As a young woman with the burden of the world on her shoulders, Queen Elizabeth was often forced to place duty before motherhood. Prince Charles, who was 3 when his mother was crowned, would make an appointment with her so she’d squeeze him in between meetings.
Later he’d describe his mother as “not indifferent so much as detached.” For her part, Princess Anne simply learned to be independent. By the time siblings Andrew and Edward came along, Elizabeth was more secure in her position and able to eke out more time to spend with them.
But it’s as a grandmother and great-grandmother that Elizabeth has really come into her own, maternally speaking, going from “Mother” to “Granny” to “Gan-Gan” with each successive generation of children. When he was very young, Prince William had his own special name for his grandmother: Gary!

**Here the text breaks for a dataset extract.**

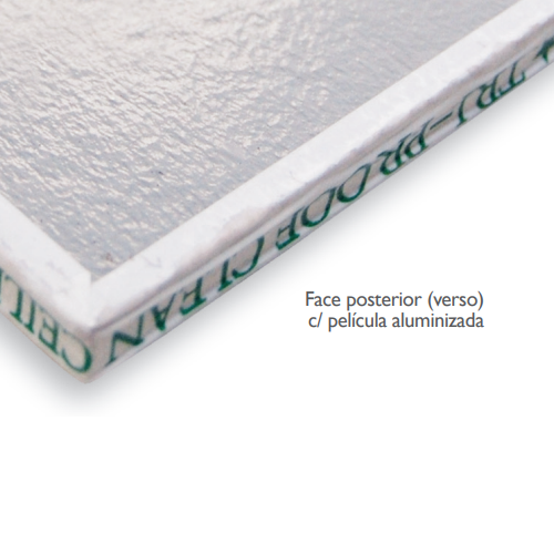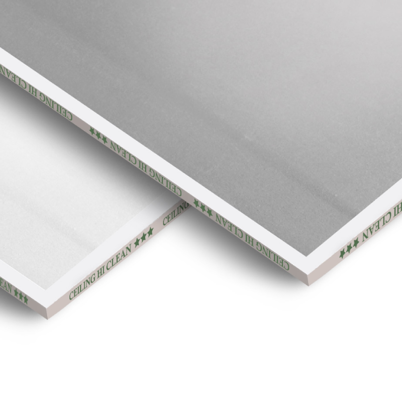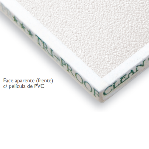 O Forro Hi-Clean proporciona o melhor acabamento e facilidade de limpeza. Ele é formado por placa de gesso entre duas lâminas de cartão, revestida com uma película de PVC em sua face aparente e com uma fita protetora em suas bordas laterais. Além disso, sua face posterior possui aplicação de uma película refletora aluminizada que atua com isolamento térmico, refletindo o calor existente no plenum. Por apresentar características de impermeabilidade, a película aluminizada também protege as placas de goteiras, respingos, umidade, sujeira e proliferação de fungos, garantindo ambientes internos muito mais higiênicos, agradáveis e confortáveis.

British columnist Richard Kay revealed that he learned of the nickname when young Wills took a tumble one day. “The queen was on hand after William fell over at Buckingham Palace, bawling ‘Gary, Gary,’” he wrote. “A guest who went to help asked who Gary was, assuming it must be a member of the royal household. ‘I’m Gary,’ explained the queen, as she scooped him up. ‘He hasn’t learned to say Granny yet.’”
William’s son George also has his own special moniker for Her Majesty. In a documentary to mark the queen’s 90th birthday, William’s wife, Kate, spoke about George’s relationship with his great-grandmother. “George is only two and a half and he calls her GanGan,” she revealed. “She always leaves a little gift or something in their room when we go and stay, and that just shows her love for the family.” And the royal brood continues to grow.
At last count, the 92-year-old monarch has eight grandchildren and seven great-grandchildren: Princess Anne’s grandkids, Savannah Phillips, 8, Isla Phillips, 6, Mia Tindall, 5, and 7-month-old Lena Tindall; and Charles’ grandchildren, George, 5, Charlotte, 3, and Louis, 9 months. Gan-Gan has her hands full!